Please help me in resolving this issue.

To run CUDA in a virtual machine you would need to install NVIDIA GRID Drivers. I don’t know your exact setup, but Microsoft explains the install steps here and I’m unsure why the Azure image you are using doesn’t come with a preinstalled setup.

You have also installed an old CUDA 10.1 toolkit, which you should remove.

In any case, the error points to a driver issue and is most likely unrelated to PyTorch.

Hi @ptrblck ,

Thanks much for your response. CUDA 10.1 was installed during the installation “nvidia-cuda-toolkit” I did not find other versions of this, without this “nvcc” was not available.

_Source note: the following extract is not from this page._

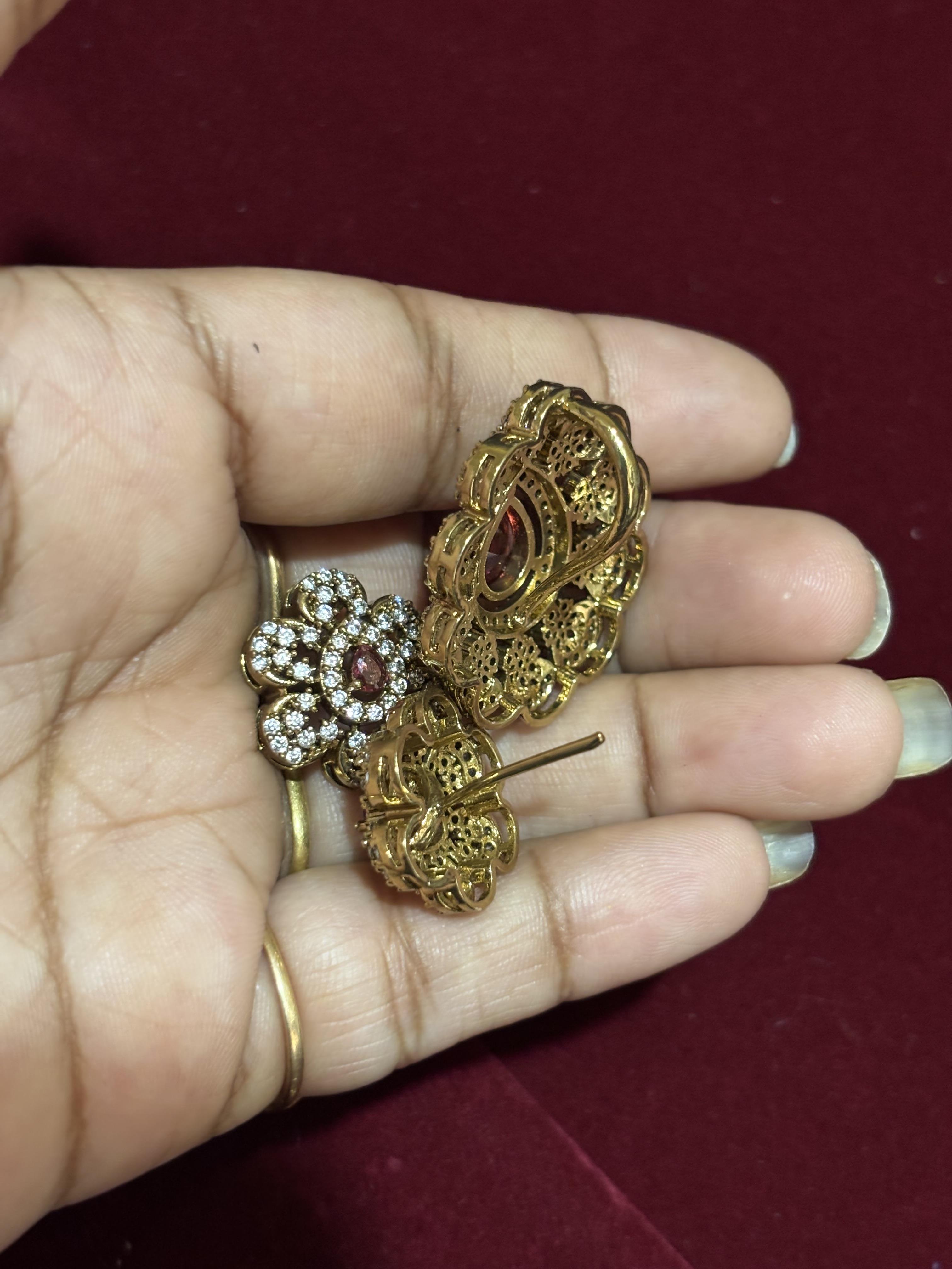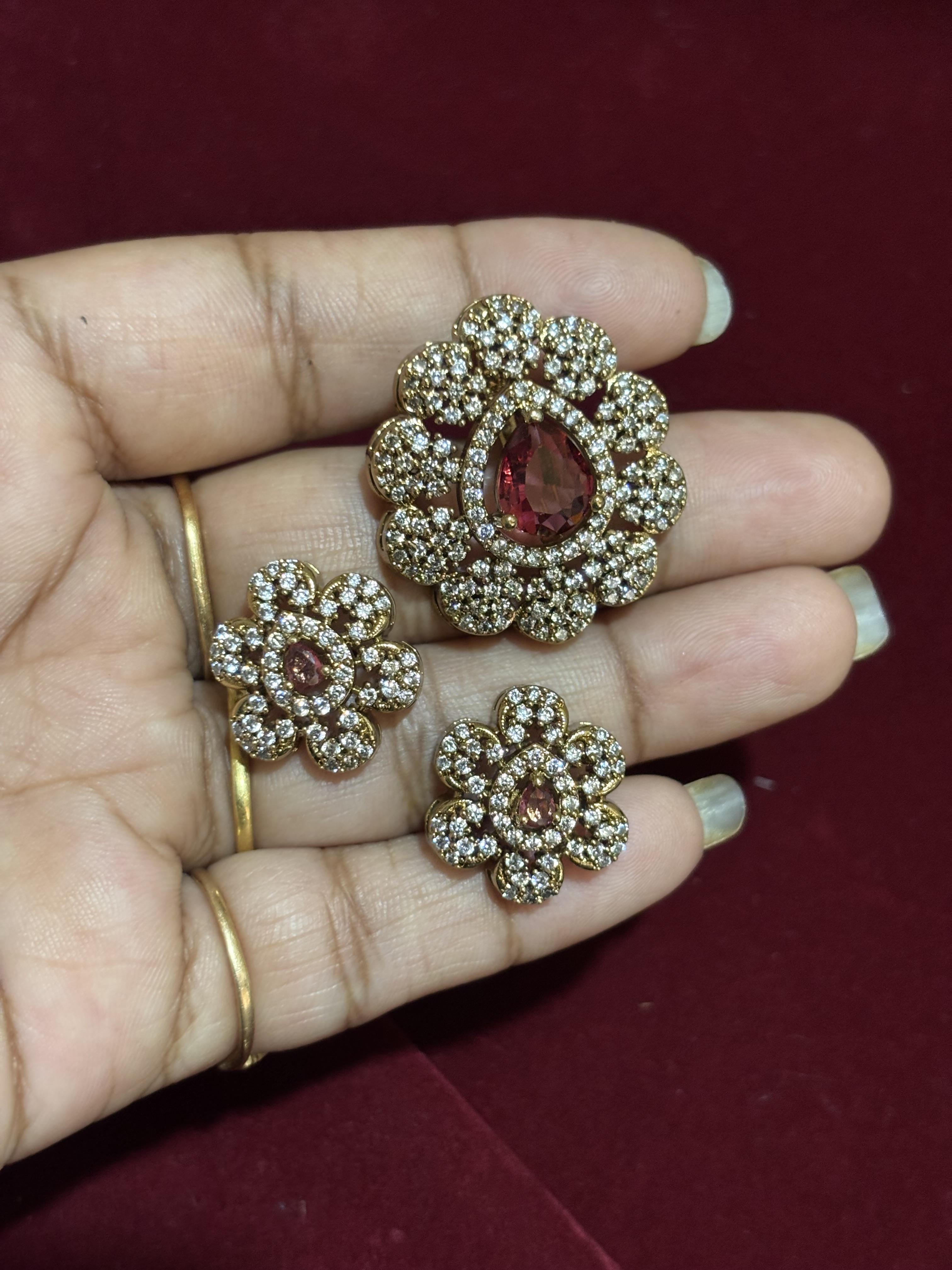 Victorian Mehandi finish Pendant With Stud Earrings (Colours Available)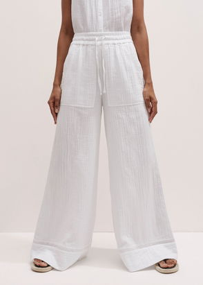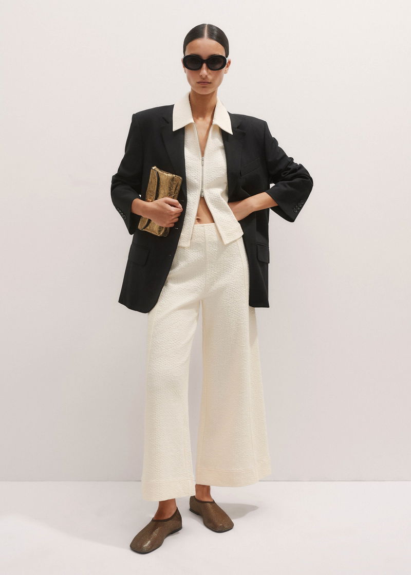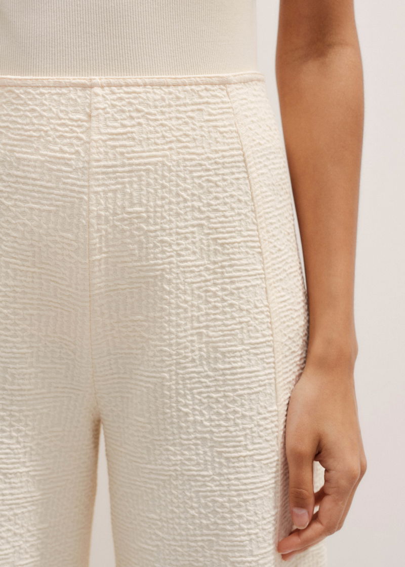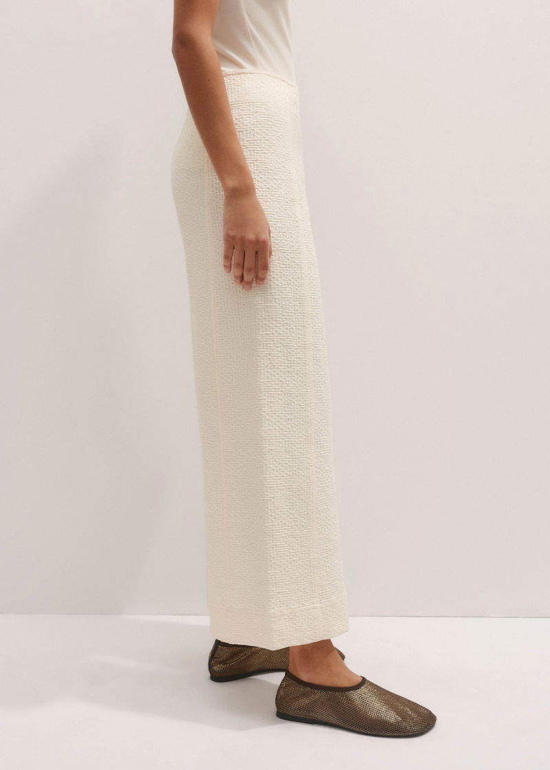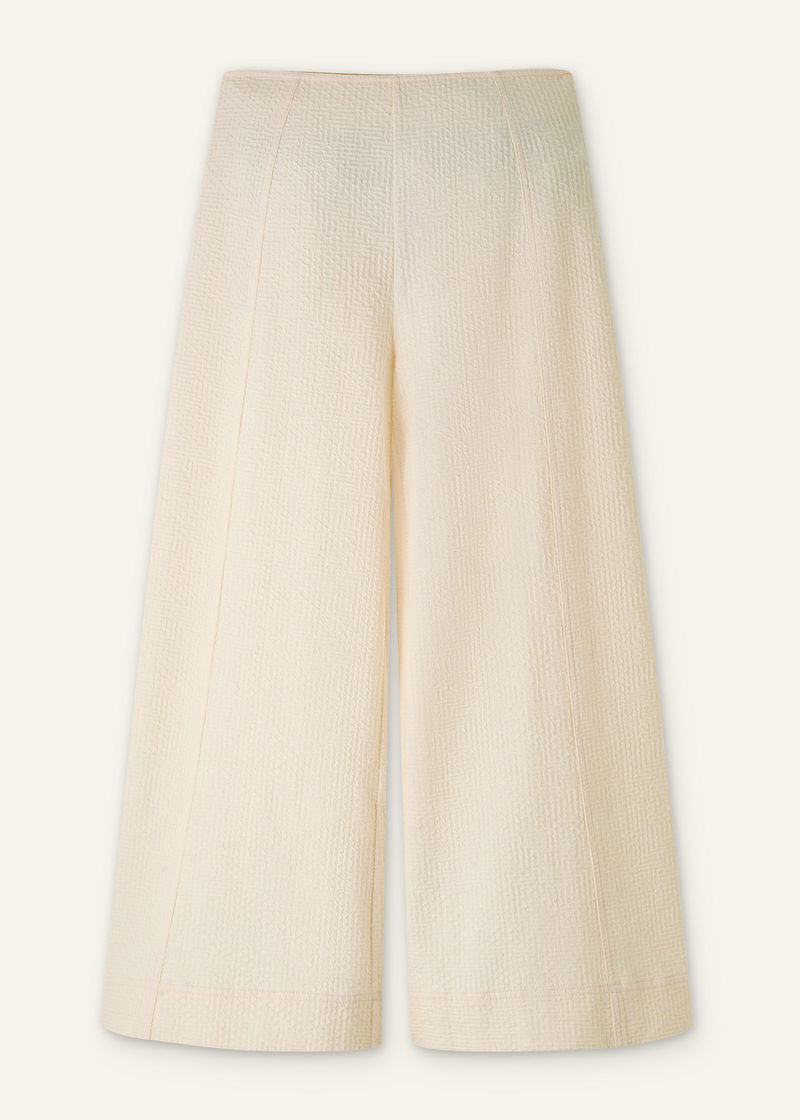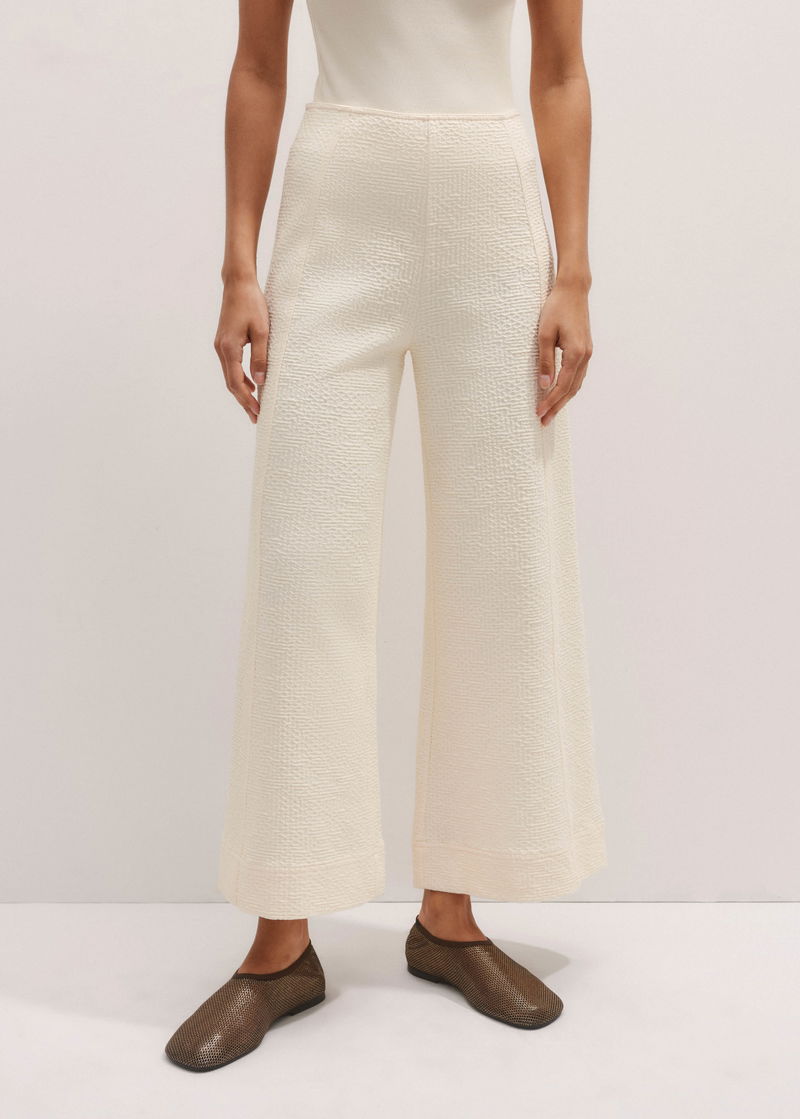 ME+EM's Cream Textured Ponte Crop Wide-Leg Trouser is designed without pockets or a front fastening to achieve a fluid, seamless shape.

I will try installing NVIDIA GRID drivers and will update you.

Hello @ptrblck ,

Thanks for the suggestion. NVIDIA GRID Drivers update did not work when I tried to Install. I uninstalled the nvidia-cuda-toolkit which is of version 10.1 and added “/usr/local/cuda/11-7/bin” in the bashrc to make “nvcc” command to work. This resolved the issue.

Thanks much once again.

That’s a bit weird, as GRID drivers are needed for VMs, but in any case it’s good to hear you’ve somehow solved the issue.

I verified the config, the GRID drivers were already installed in the VM. I did not verify this earlier!

Thanks for confirming! :slight_smile: